For example, a decimal field with precision 4 and scale 2 is defined like this:
import decimal
from typing import Annotated
import py_avro_schema as pas
construction_costs: Annotated[decimal.Decimal, pas.DecimalMeta(precision=4, scale=2)]
Values can be assigned like normal, e.g. construction_costs = decimal.Decimal("12.34")
. The scale attribute can be
omitted as per Avro specification in which case the scale equals to zero.
The Avro schema for the above type is:
{
"type": "bytes",
"logicalType": "decimal",
"precision": 4,
"scale": 2
}
str
Avro schema: string
str
subclasses (“named strings”)
Avro schema: string
Python classes inheriting from str
are converted to Avro string
schemas to support serialization of any arbitrary Python types “as a string value”.
Primarily to support deserialization of Avro data, a custom property namedString
is added and populated as the schema’s namespace followed by the class name.

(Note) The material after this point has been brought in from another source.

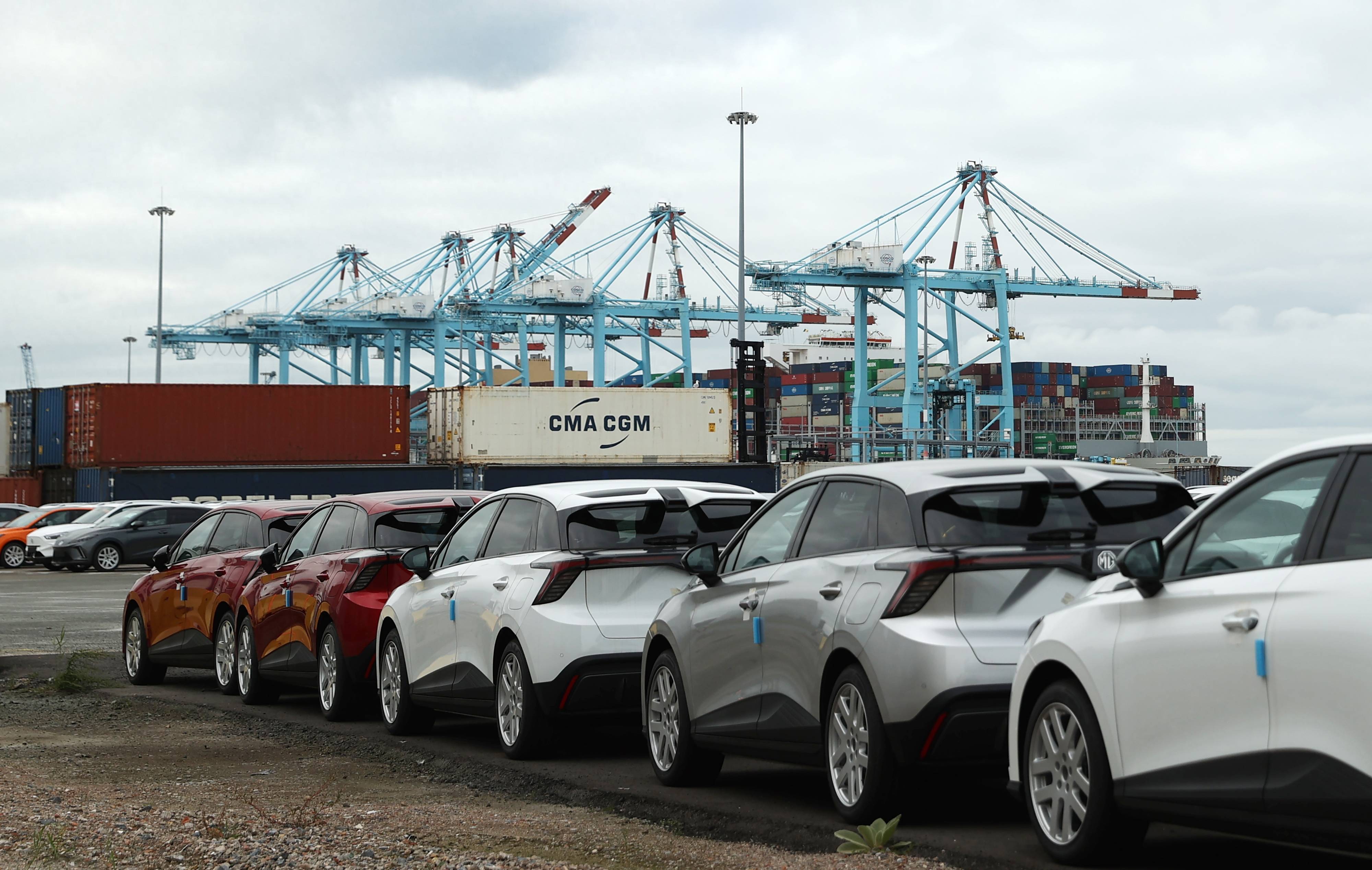 9月25日,一艘货轮停靠在比利时安特卫普-布鲁日港中远海运(港口)泽布吕赫码头。 新华社记者 赵丁喆 摄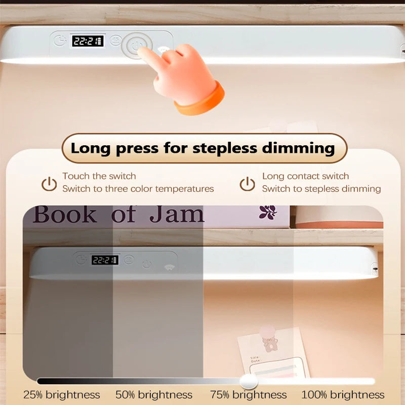 Magnetic Clock Desk Lamp – USB Rechargeable LED Light with Stepless Dimming

The custom property is used here since the Avro string
schema is not a “named” schema.
py-avro-schema schema uses the same namespace logic as with real named Avro schemas.
Example:
# file shipping/models.py
class PortName(str):
...
Outputs as:
{
"type": "string",
"namedString": "shipping.PortName"
}
typing.Literal
Avro schema: schema corresponding to the type of the literal value, e.g. string
, long
etc.
Mixed types, e.g. Literal["", 42]
are not supported.
uuid.UUID
string
uuid